Despite the fact that the tattoo was filled with me for a purely utilitarian purpose - to close the age spot, I shook off a lot for it in ten years of my life. Since 2005, similar jewelry, however, in the center of the lower back has become so widespread that it became uncomfortable for me to undress on the beach. Moreover, at that time Chinese characters were in vogue, and I, with my circle to the right of the spinal column, did not fit into any trend. In 2012, the surgeon who performed the operation on me joked clumsily: "I see the seal, but where is the price tag?" When a 5-centimeter scar on my back was added to my tattoo, I made the final decision to get rid of the labor of an unknown beach master. I was just waiting for the right opportunity.

Seizing the moment when the tattooists came out on the porch of the barbershop for a smoke break, I went up to them.

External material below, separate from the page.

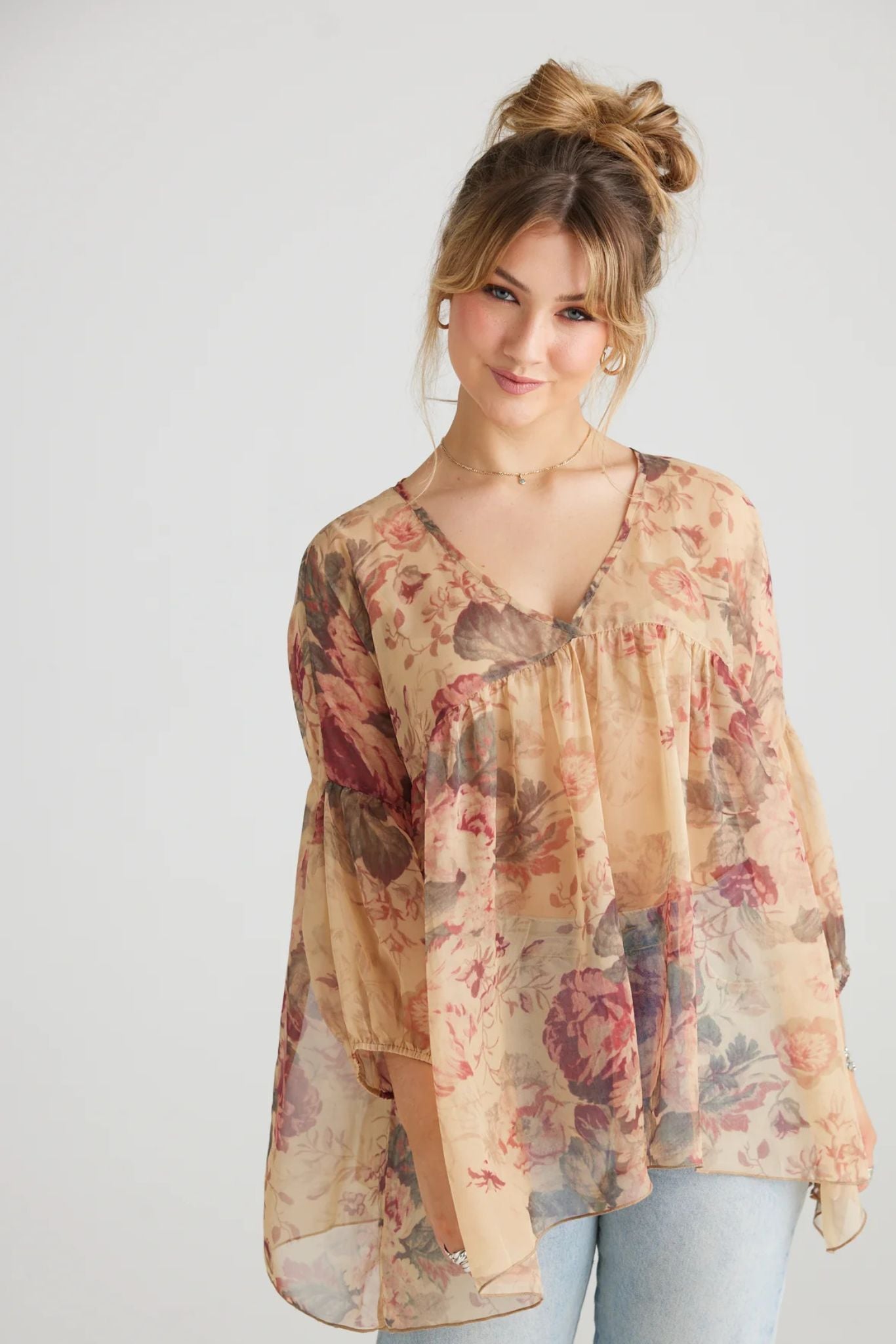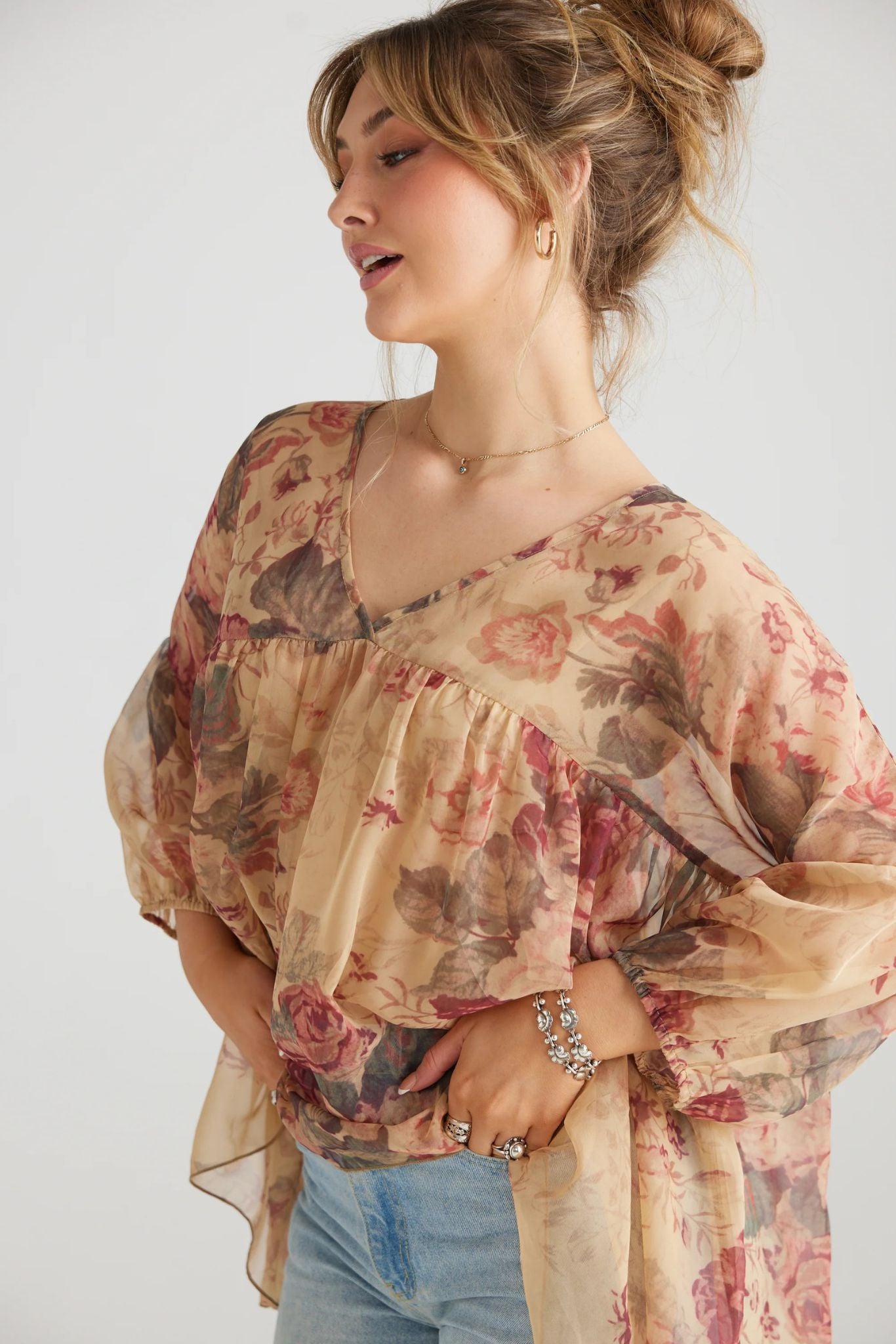 ariel chiffon top | antique rose floral

Then everything happened by itself: I showed an old tattoo, said that I hate circles, snakes, roses and skulls. In general, to be honest, most of the tattoos do not like me: vulgar, deliberately and probably in five years will get sick of colic. Among the masters there was the most silent and brutal guy named Vitaly Sharapov. He asked: “Have you seen Polynesian patterns?”

Vitaly showed an ornament right on his iPhone, which Maori cannibals were filling themselves. After seeing the Polynesian tattoos, I decided that it suited me, and appointed a day and time. There was nothing else to do at the barbershop party. To close the topic of barbershops, I will say that these places bribe with honesty, like the films of Guy Ritchie or the early Tarantino: without snot, manicure and female pink fantasies. The only thing I didn’t understand was why no one has yet muddied the same sincere startup for girls by calling it, for example, “Barbishop”?